__Exercise requirements__:
Beneath this line sits some data. Return only its lines from the one holding "Theo tìm hiểu, sản" through the one holding "별지 제12호서식으로 기능장려법시행령", inclusive, exactly, with the images removed.

__Data records__:
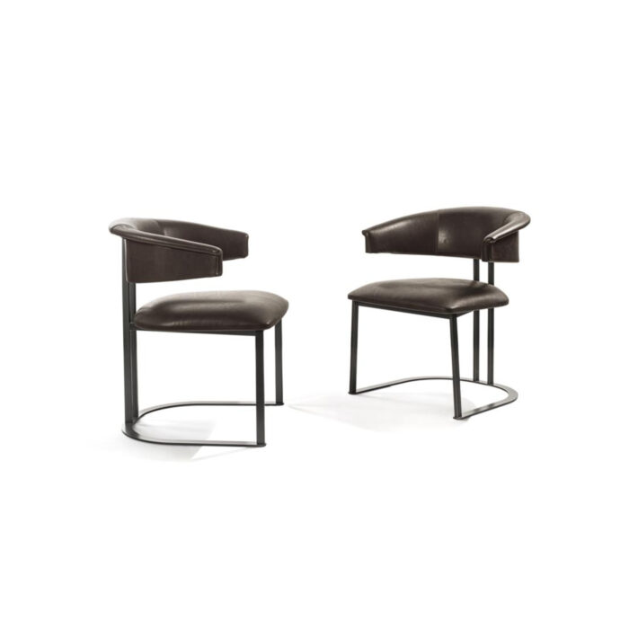 Kyo is an armchair that interprets the history of design in an original way. Curved, enveloping forms accompany a structure with metal elements with an antiqued brushed bronzed effect. The characteristic horseshoe base supports a series of slender metal profiles, connected to the soft, enveloping padding of the seat and backrest. The result is an elegant, comfortable, essential and timeless chair.
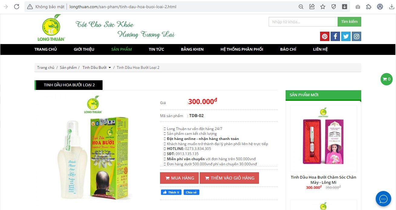 Theo tìm hiểu, sản phẩm Tinh dầu hoa bưởi được quảng cáo với công dụng chuyên trị hói đầu, làm tóc mọc trở lại, ngưng rụng tóc - gãy tóc, sạch gàu, viêm nang lông, nấm ngứa... Giá bán lẻ của môi sản phẩm Tinh dầu hoa bưởi được bán với giá 300 nghìn đồng/lọ 80ml.
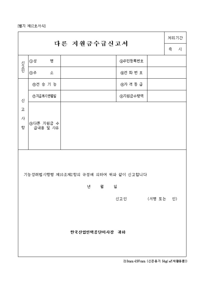 별지 제12호서식으로 기능장려법시행령 제10조제2항의 규정에 의한 다른 지원금수급신고서(2001,11,30)입니다.
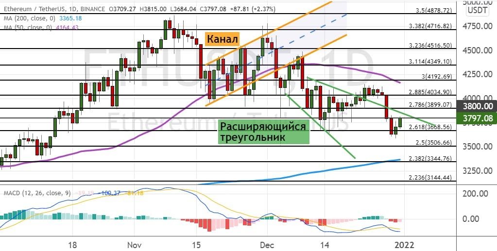 Текущей поддержкой для котировок ETH выступает уровень $3 670. На графике ниже можно отметить, как от этого уровня произошел коррекционный отскок к $3 800, где проходит верхняя граница модели теханализа «Расширяющийся треугольник» (обозначена на графике ниже салатовым цветом).
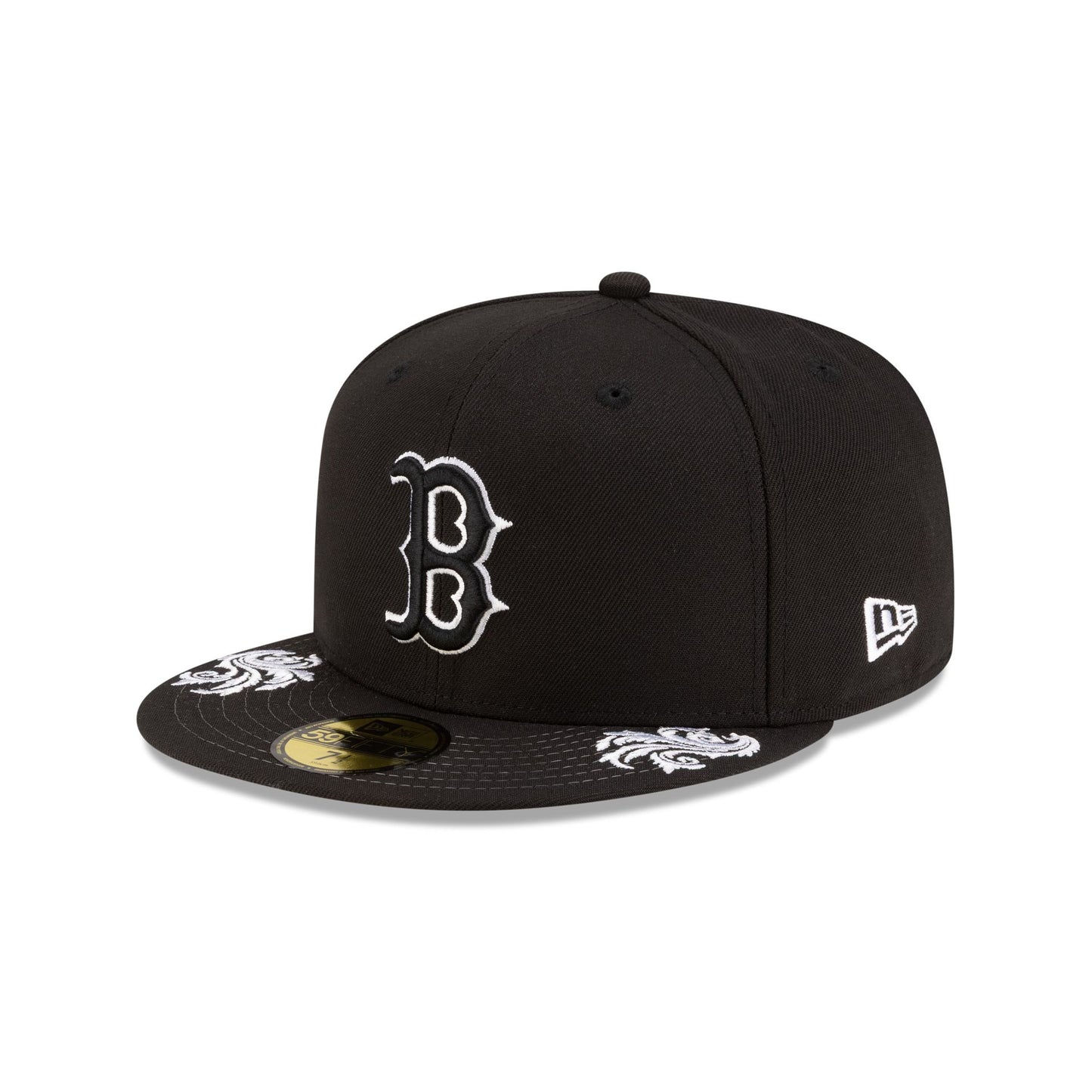 The Boston Red Sox Script Black and White 59FIFTY Fitted Cap features an embroidered Red Sox logo at the front panels with a matching MLB Batterman logo at the rear. Additional details include a team script at the right-wear side with ornamental details throughout the cap and a gray undervisor.
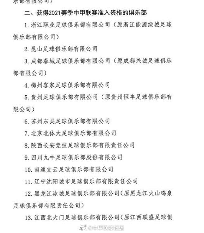 北京时间3月29日,中国足协公布三级联赛准入名单,近期风云不断的中甲联赛的准入情况也最终确定,泰州远大、内蒙古中优与降级的北京人和无缘各级联赛,除了成功升级的武汉三镇与淄博蹴鞠外,新疆天山雪豹、南京城市(南京枫帆)与北京理工成功递补;而由于天津津门虎的准入,浙江队无缘递补新赛季中超。
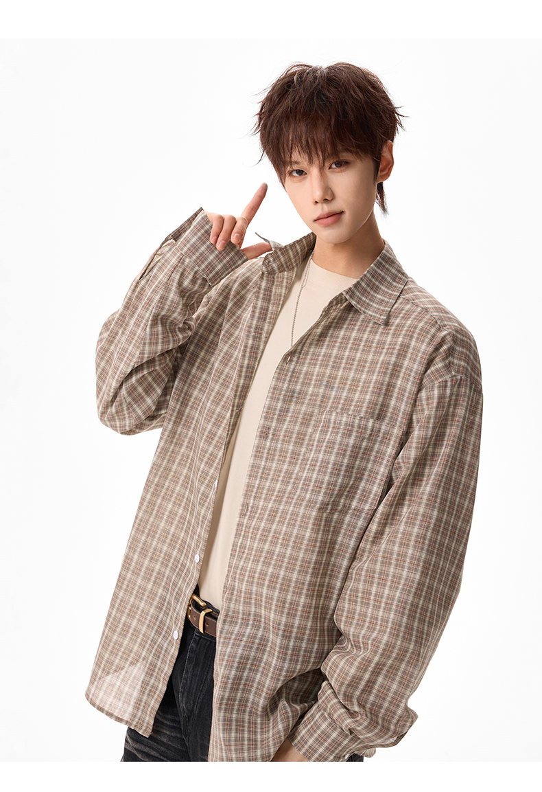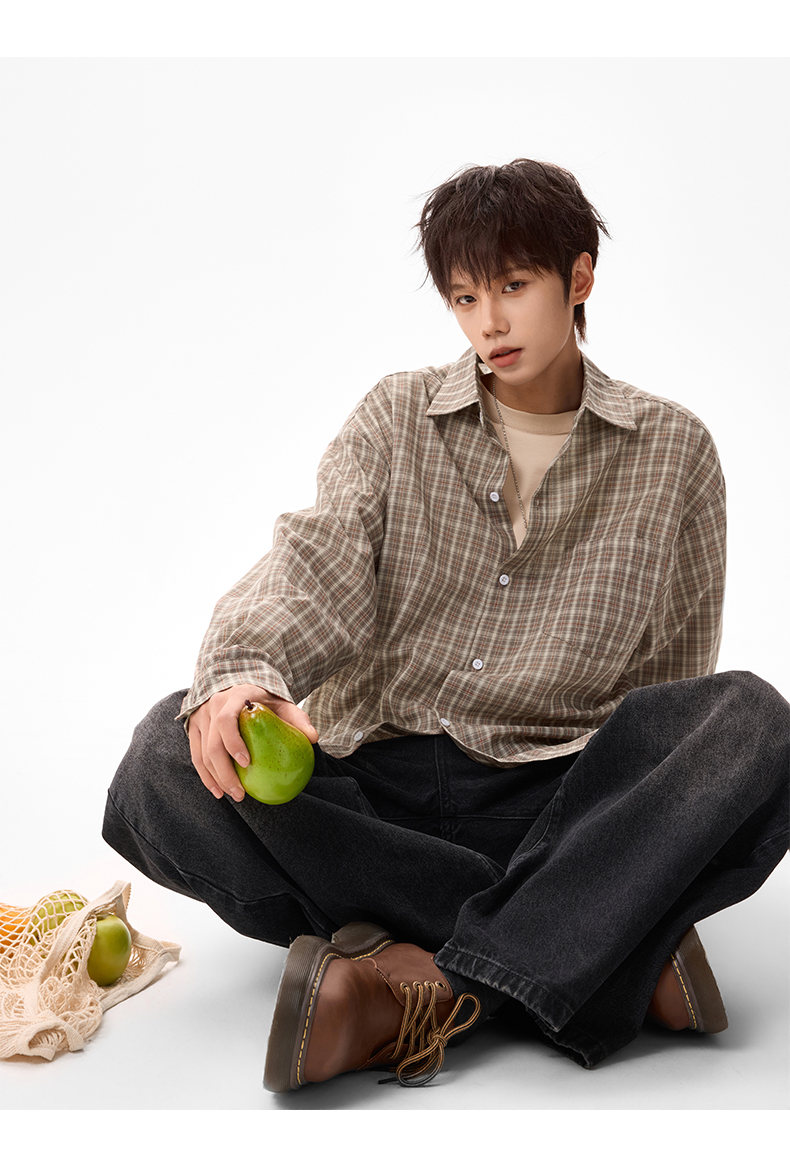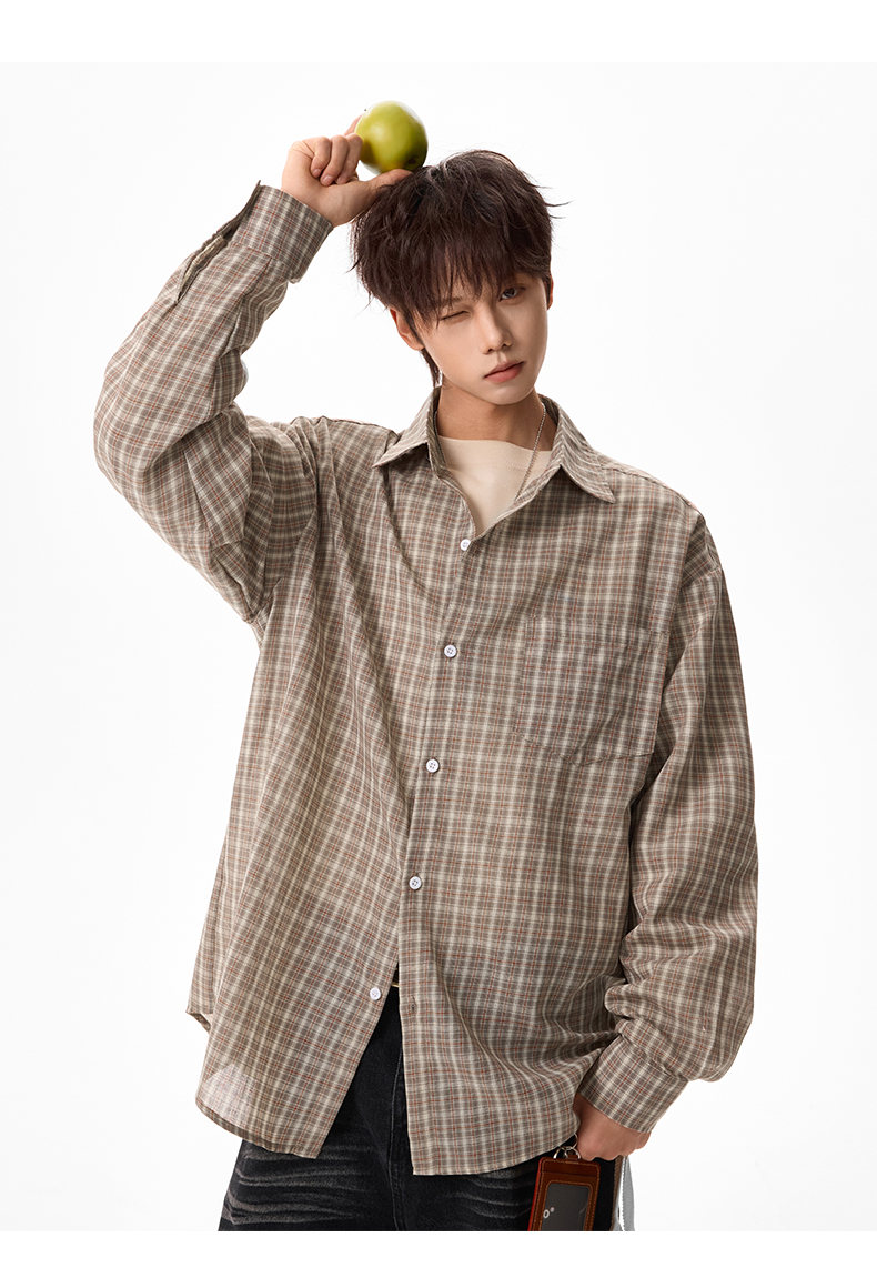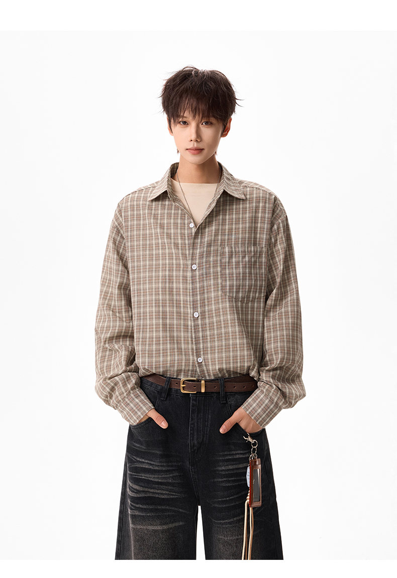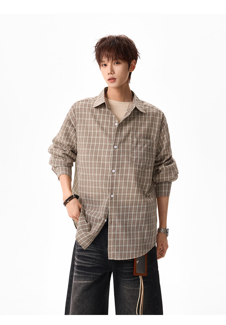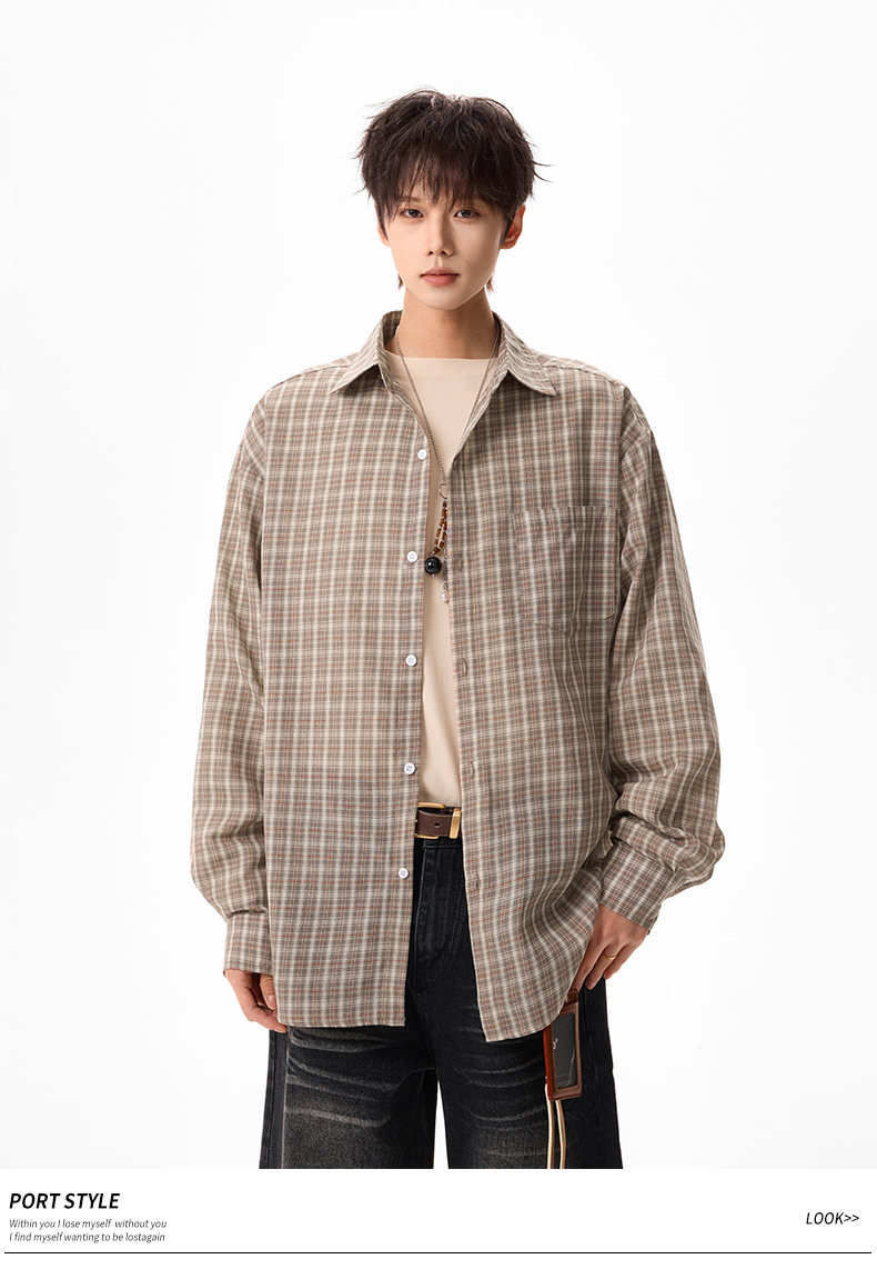 NEW OR MODE美式格纹撞色翻领衬衫男春季新款宽松休闲长袖衬衣百搭慵懒感外套 蓝格【高品质】 M 【建议90-110斤】
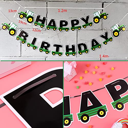 Ghirlanda Happy Birthday per bambini, stampata con una varietà di motivi trattori, l'altezza delle lettere è di circa 16,5 cm, in cartone bianco da 250 g/m²
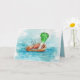 Há um leek no barco com um vazamento. Um trocadilho duplo e engraçado com um legume de cebola, sentado num barco vazado, cercado por água azul e céu. Watercolor Drawing Design por Irony Drawing Art Design Donna Léger. Todos os Direitos Reservados.
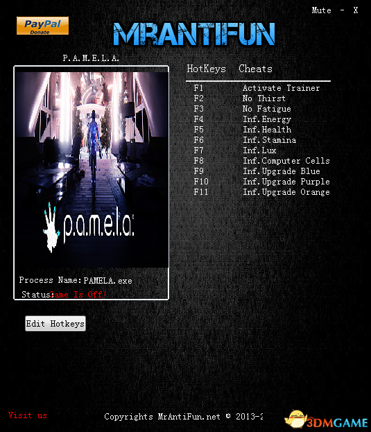 P.A.M.E.L.A. v0.1.3.8十项修改器[MrAntiFun];由“MrAntiFun”制作,来自外网多项修改,需要的玩家有爱自取。

__Solution for this task__:
 Theo tìm hiểu, sản phẩm Tinh dầu hoa bưởi được quảng cáo với công dụng chuyên trị hói đầu, làm tóc mọc trở lại, ngưng rụng tóc - gãy tóc, sạch gàu, viêm nang lông, nấm ngứa... Giá bán lẻ của môi sản phẩm Tinh dầu hoa bưởi được bán với giá 300 nghìn đồng/lọ 80ml.
 별지 제12호서식으로 기능장려법시행령 제10조제2항의 규정에 의한 다른 지원금수급신고서(2001,11,30)입니다.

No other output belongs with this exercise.